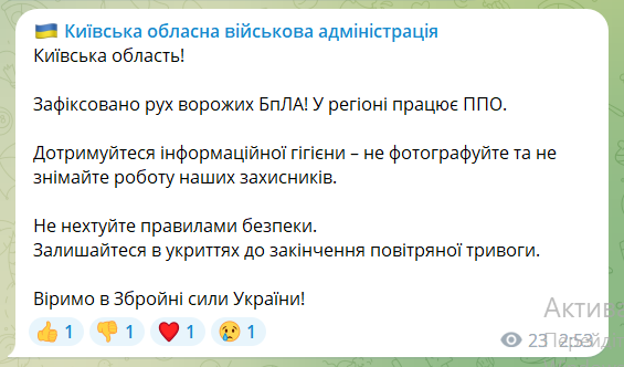 Оновлено 02:55. "Зафіксовано рух ворожих БпЛА! У регіоні працює ППО", — повідомляє Київська ОВА.
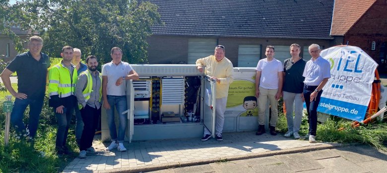Bürgermeister Kai Abruszat ließ sich von Projektleiter Bergmann auch noch den zentralen Verteilerkasten in Westrup zeigen, von dem aus das Lichtsignal in alle Stemweder Ortsteile weitergeleitet wird. Bergmann erklärte, dass nach Wehdem und Westrup als nächstes Haushalte in Oppendorf und Oppenwehe aufgeschaltet würden und im Anschluss dann die Ortsteile Haldem, Destel und Twiehausen dazu kämen. Auf die Frage von Bürgermeister Kai Abruszat, wann denn tatsächlich alle gustav-Kundinnen und Kunden in Stemwede angeschlossen seien, antworteten die Projektverantwortlichen: „Im Sommer 2025.“
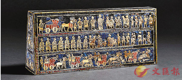 約公元前2500年製造,由貝殼、青金石、紅石灰及瀝青等組成,出土於伊拉克。這件藝術品在有限的空間容納了超過100個人物與動物形象。 香港文化博物館供圖
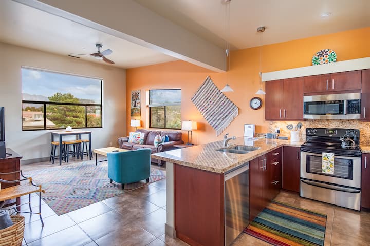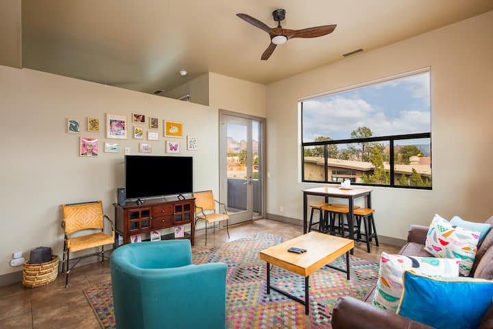 شقة علوية جيدة التهوية في سيدونا — نزهة إلى المقاهي والمتاجر والمسارات
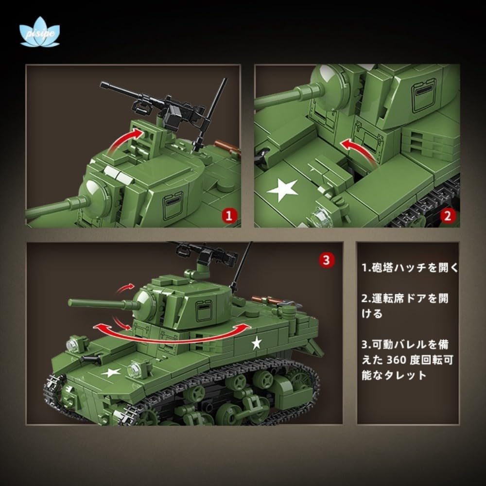 【新品未開封】テクニカルミリタリータンクモデル、スチュアート軽戦車 ミリタリーシリーズモデル、レゴと互換性のあるモデル玩具 (A) (D)
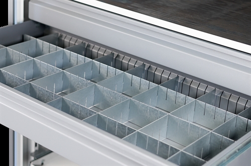 Skuffeindretning der skaber orden i skufferne. Passer til skuffer med indvendige mål på B900 x D450 x D100 mm.
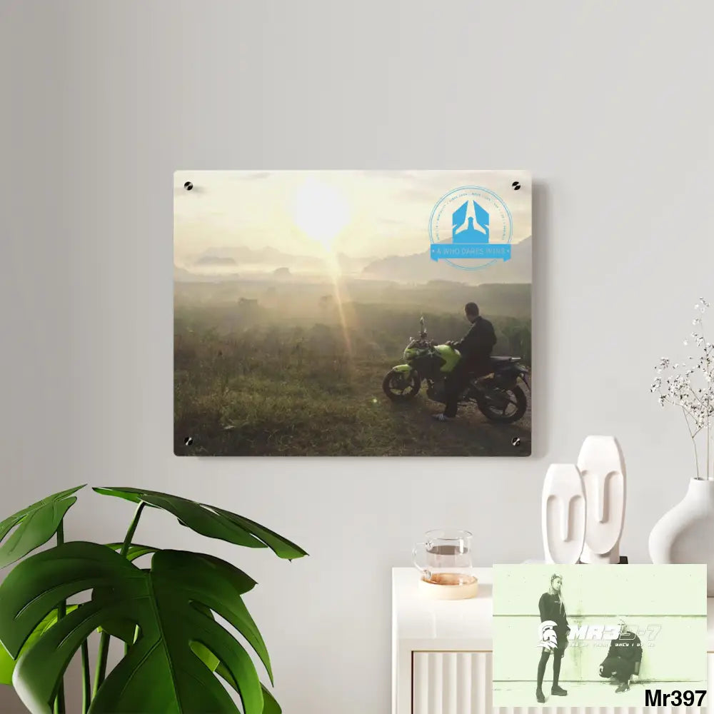 Photo taken by a predator Thinking tjey could harm me not A1-Sparta Acrylic art panels are a modern way to display beautiful and vibrant art that looks like it's embedded in clear glass. They have a clear, glossy acrylic surface and a white vinyl backing. Four silver stand-offs make it very easy to mount to the wall. Make your own original designs and print them on any (or all) of the seven available panel sizes in horizontal and vertical orientations. Square dimensions are available.
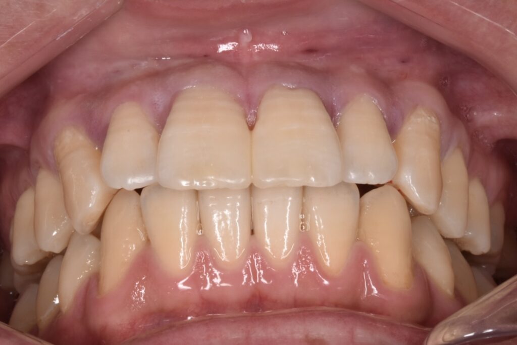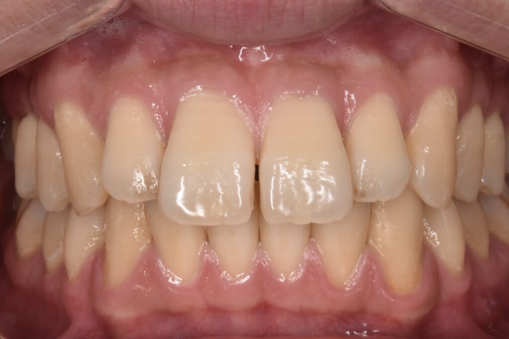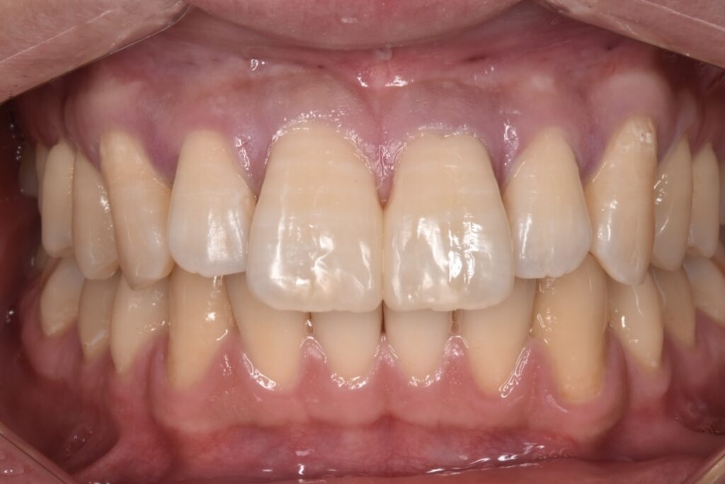 前歯の真ん中のに僅かにスペースがあります。その間に歯茎が線状に見えていますが、ここの歯茎はとても繊維質で硬く歯を寄せてもクッションのように弾かれてしまい、単に矯正をしてもすぐ後戻りしてくるタイプです。このようなタイプのすきっ歯にはダイレクトボンディングはとてもおすすめです。
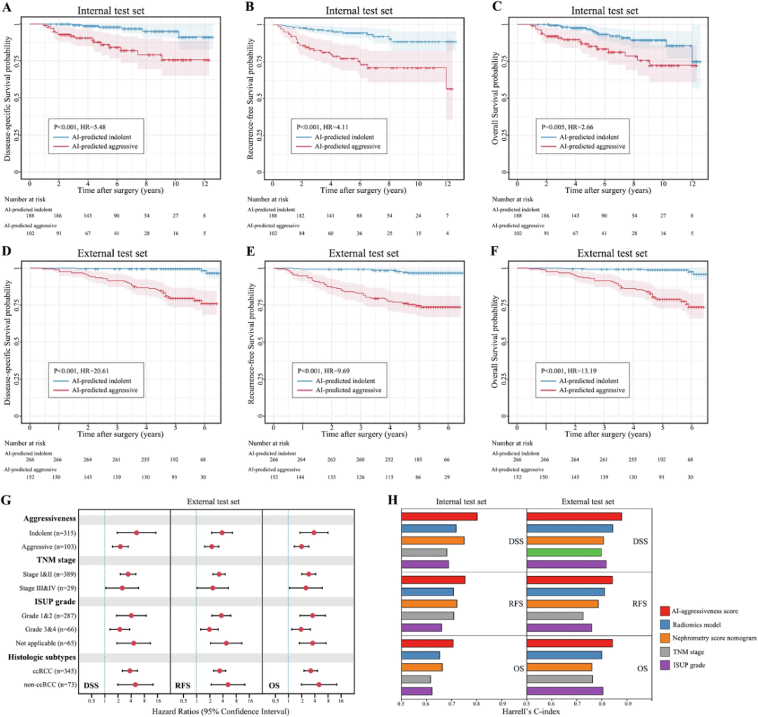 图4G的森林图显示,AI侵袭性评分在不同亚组(包括TNM分期、ISUP分级和组织学亚型)中都与患者预后显著相关。图4H比较了不同预后评估方法的预测价值,结果表明AI侵袭性评分在预测疾病特异性生存率、无复发生存率和总体生存率方面都优于其他风险评估方法。这些发现意味着,AI系统不仅能帮助医生更准确地判断肿瘤风险,还能为患者的治疗决策提供更可靠的参考依据。对于医生来说,这是一个强大的辅助工具;对于患者来说,这意味着可能获得更精准的治疗方案。
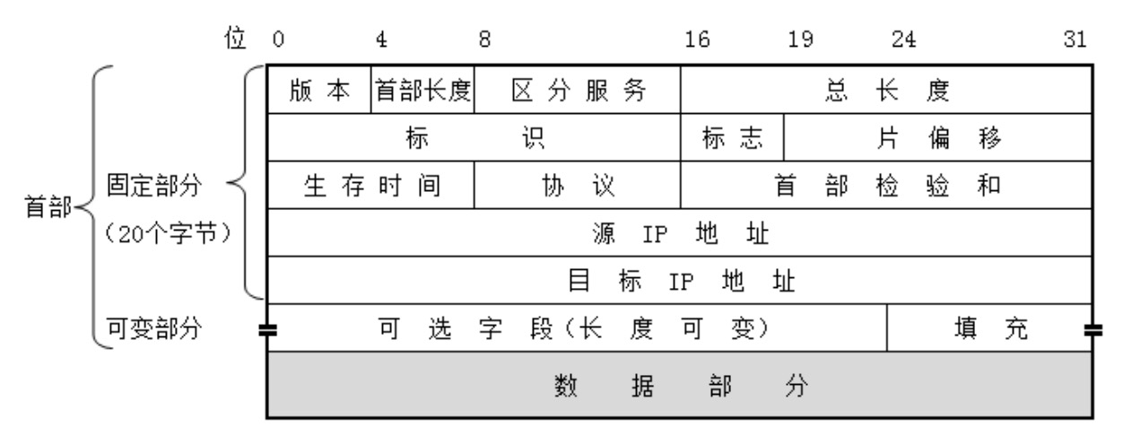 网络层首部由 固定部分(20个字节) 和 可变部分(最大40个字节) 组成,固定部分包含 IP协议版本、首部长度、区分服务、总长度、标识、标志、片偏移、生存时间(TTL)、协议、首部检验和、源IP地址、目标IP地址组成。我们将一一讲解首部的这些信息。

□ □ □ □ □ □ □

__TASK__.
What the response needs is every entry, repeated exactly, and none of the pictures.

__WRITTEN ANSWER__.
 Оновлено 02:55. "Зафіксовано рух ворожих БпЛА! У регіоні працює ППО", — повідомляє Київська ОВА.
Bürgermeister Kai Abruszat ließ sich von Projektleiter Bergmann auch noch den zentralen Verteilerkasten in Westrup zeigen, von dem aus das Lichtsignal in alle Stemweder Ortsteile weitergeleitet wird. Bergmann erklärte, dass nach Wehdem und Westrup als nächstes Haushalte in Oppendorf und Oppenwehe aufgeschaltet würden und im Anschluss dann die Ortsteile Haldem, Destel und Twiehausen dazu kämen. Auf die Frage von Bürgermeister Kai Abruszat, wann denn tatsächlich alle gustav-Kundinnen und Kunden in Stemwede angeschlossen seien, antworteten die Projektverantwortlichen: „Im Sommer 2025.“
 約公元前2500年製造,由貝殼、青金石、紅石灰及瀝青等組成,出土於伊拉克。這件藝術品在有限的空間容納了超過100個人物與動物形象。 香港文化博物館供圖
 شقة علوية جيدة التهوية في سيدونا — نزهة إلى المقاهي والمتاجر والمسارات
 【新品未開封】テクニカルミリタリータンクモデル、スチュアート軽戦車 ミリタリーシリーズモデル、レゴと互換性のあるモデル玩具 (A) (D)
 Skuffeindretning der skaber orden i skufferne. Passer til skuffer med indvendige mål på B900 x D450 x D100 mm.
 Photo taken by a predator Thinking tjey could harm me not A1-Sparta Acrylic art panels are a modern way to display beautiful and vibrant art that looks like it's embedded in clear glass. They have a clear, glossy acrylic surface and a white vinyl backing. Four silver stand-offs make it very easy to mount to the wall. Make your own original designs and print them on any (or all) of the seven available panel sizes in horizontal and vertical orientations. Square dimensions are available.
 前歯の真ん中のに僅かにスペースがあります。その間に歯茎が線状に見えていますが、ここの歯茎はとても繊維質で硬く歯を寄せてもクッションのように弾かれてしまい、単に矯正をしてもすぐ後戻りしてくるタイプです。このようなタイプのすきっ歯にはダイレクトボンディングはとてもおすすめです。
 图4G的森林图显示,AI侵袭性评分在不同亚组(包括TNM分期、ISUP分级和组织学亚型)中都与患者预后显著相关。图4H比较了不同预后评估方法的预测价值,结果表明AI侵袭性评分在预测疾病特异性生存率、无复发生存率和总体生存率方面都优于其他风险评估方法。这些发现意味着,AI系统不仅能帮助医生更准确地判断肿瘤风险,还能为患者的治疗决策提供更可靠的参考依据。对于医生来说,这是一个强大的辅助工具;对于患者来说,这意味着可能获得更精准的治疗方案。
 网络层首部由 固定部分(20个字节) 和 可变部分(最大40个字节) 组成,固定部分包含 IP协议版本、首部长度、区分服务、总长度、标识、标志、片偏移、生存时间(TTL)、协议、首部检验和、源IP地址、目标IP地址组成。我们将一一讲解首部的这些信息。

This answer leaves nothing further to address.